▶ _WHAT TO WORK ON_
Write the listing out again word for word. Pictures do not belong in the copy.

▶ _GIVEN MATERIAL_
-- Opening Marker --

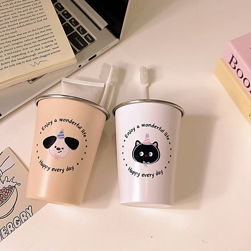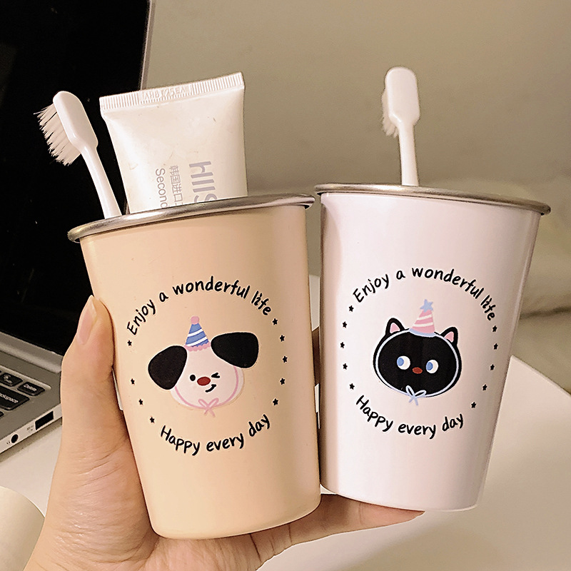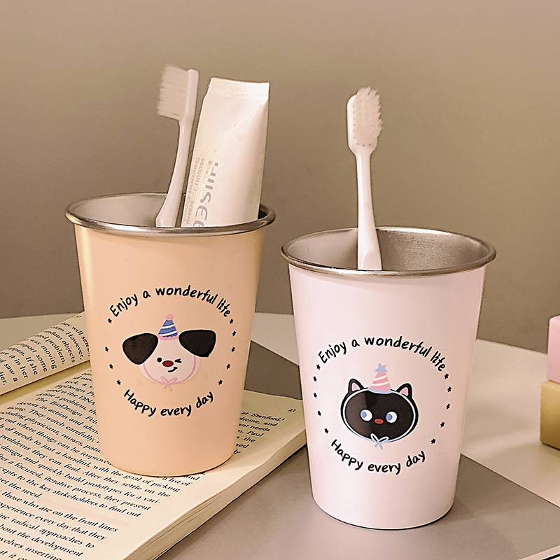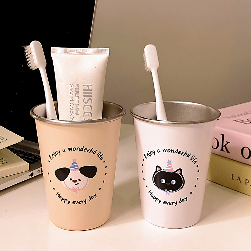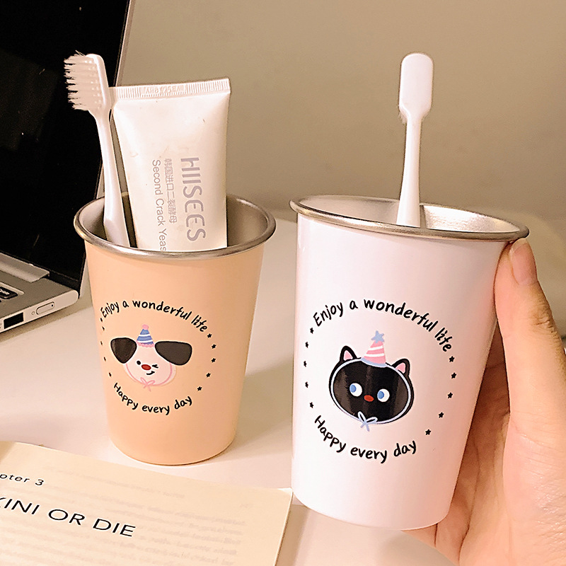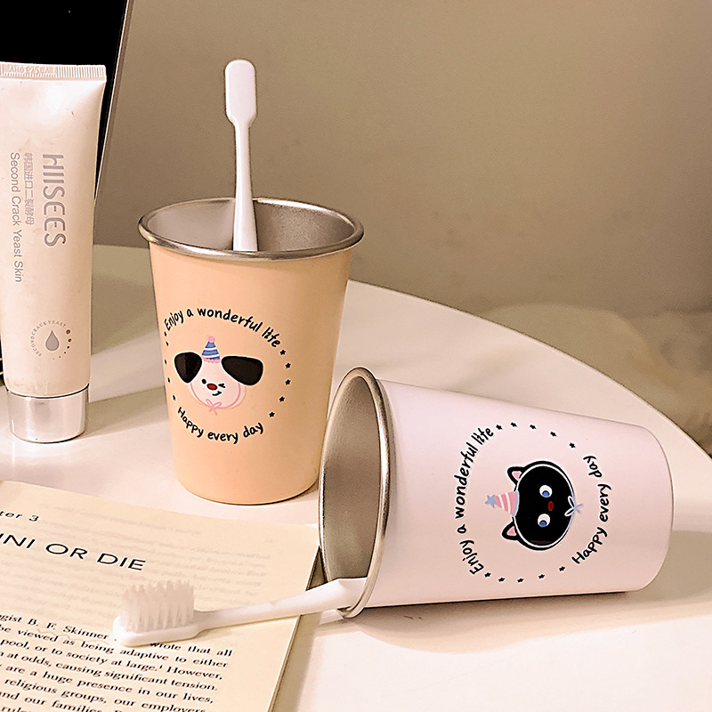 オリジナル漫画ステンレス鋼マウスウォッシュカップ、キュート、シンプル、見栄えの良い、家庭用クリエイティブ歯磨きカップ、カップル歯科カップ
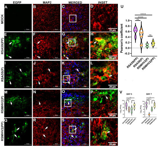 Colocalization study of two proline containing strains RSA59(PP), RSMHV2(PP) and single proline containing strains RSMHV2(P), RSA59(P) infected neurons in the brain of mice at day 5 p.i. Infected mice alongside control mock-infected mouse brain cryosections were immunofluorescently labeled with MAP2 antibody (B,F,J,N,R). EGFP panels indicate infected cells in the tissue (A,E,I,M,Q). Panels (C,G,K,O,S) show merged images of EGFP and MAP2 staining with arrowheads highlighting virus infected neurons. RSA59(PP) infected sections are in panel (E–H), RSA59(P) infected sections are in panel (I–L), RSMHV2(P) infected sections are in panel (M–P), RSMHV2(PP) infected sections are in panel (Q–T), and mock-infected sections are in panel (A–D). The insets marked by a white rectangle area in the merged panels show a magnified view of the colocalization of neurons with EGFP (seen as yellow) in panels (D,H,L,P,T). The amount of colocalization quantified as the Pearson coefficient was plotted in a violin diagram (U). Viral titer was performed at day 5 and day 7 p.i. to compare virus replication among RSA59(PP), RSA59(P), RSMHV2(P), and RSMHV2(PP). The results were plotted as a violin plot (V). The One-way ANOVA was used to compare RSA59(PP) with RSA59(P), RSMHV2(P), RSMHV2(PP), and RSMHV2(P) with RSMHV2(PP) infection. The level of significance was taken at p < 0.05, * p < 0.05, ** p < 0.001, **** p < 0.00001, and ns denotes non-significance.
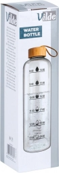 Sur le corps transparent, vous trouverez un marquage horaire du matin au soir, aidant à suivre votre hydratation. La bouteille a une capacité de 1 litre, une hauteur d’environ 29,5 cm et un diamètre de 7,5 cm – idéale au bureau, en voyage ou pour le sport. Le nettoyage est simplifié grâce à la compatibilité lave-vaisselle.

-- Closing Marker --

▶ _RESULT BELOW_
 オリジナル漫画ステンレス鋼マウスウォッシュカップ、キュート、シンプル、見栄えの良い、家庭用クリエイティブ歯磨きカップ、カップル歯科カップ
 Colocalization study of two proline containing strains RSA59(PP), RSMHV2(PP) and single proline containing strains RSMHV2(P), RSA59(P) infected neurons in the brain of mice at day 5 p.i. Infected mice alongside control mock-infected mouse brain cryosections were immunofluorescently labeled with MAP2 antibody (B,F,J,N,R). EGFP panels indicate infected cells in the tissue (A,E,I,M,Q). Panels (C,G,K,O,S) show merged images of EGFP and MAP2 staining with arrowheads highlighting virus infected neurons. RSA59(PP) infected sections are in panel (E–H), RSA59(P) infected sections are in panel (I–L), RSMHV2(P) infected sections are in panel (M–P), RSMHV2(PP) infected sections are in panel (Q–T), and mock-infected sections are in panel (A–D). The insets marked by a white rectangle area in the merged panels show a magnified view of the colocalization of neurons with EGFP (seen as yellow) in panels (D,H,L,P,T). The amount of colocalization quantified as the Pearson coefficient was plotted in a violin diagram (U). Viral titer was performed at day 5 and day 7 p.i. to compare virus replication among RSA59(PP), RSA59(P), RSMHV2(P), and RSMHV2(PP). The results were plotted as a violin plot (V). The One-way ANOVA was used to compare RSA59(PP) with RSA59(P), RSMHV2(P), RSMHV2(PP), and RSMHV2(P) with RSMHV2(PP) infection. The level of significance was taken at p < 0.05, * p < 0.05, ** p < 0.001, **** p < 0.00001, and ns denotes non-significance.
 Sur le corps transparent, vous trouverez un marquage horaire du matin au soir, aidant à suivre votre hydratation. La bouteille a une capacité de 1 litre, une hauteur d’environ 29,5 cm et un diamètre de 7,5 cm – idéale au bureau, en voyage ou pour le sport. Le nettoyage est simplifié grâce à la compatibilité lave-vaisselle.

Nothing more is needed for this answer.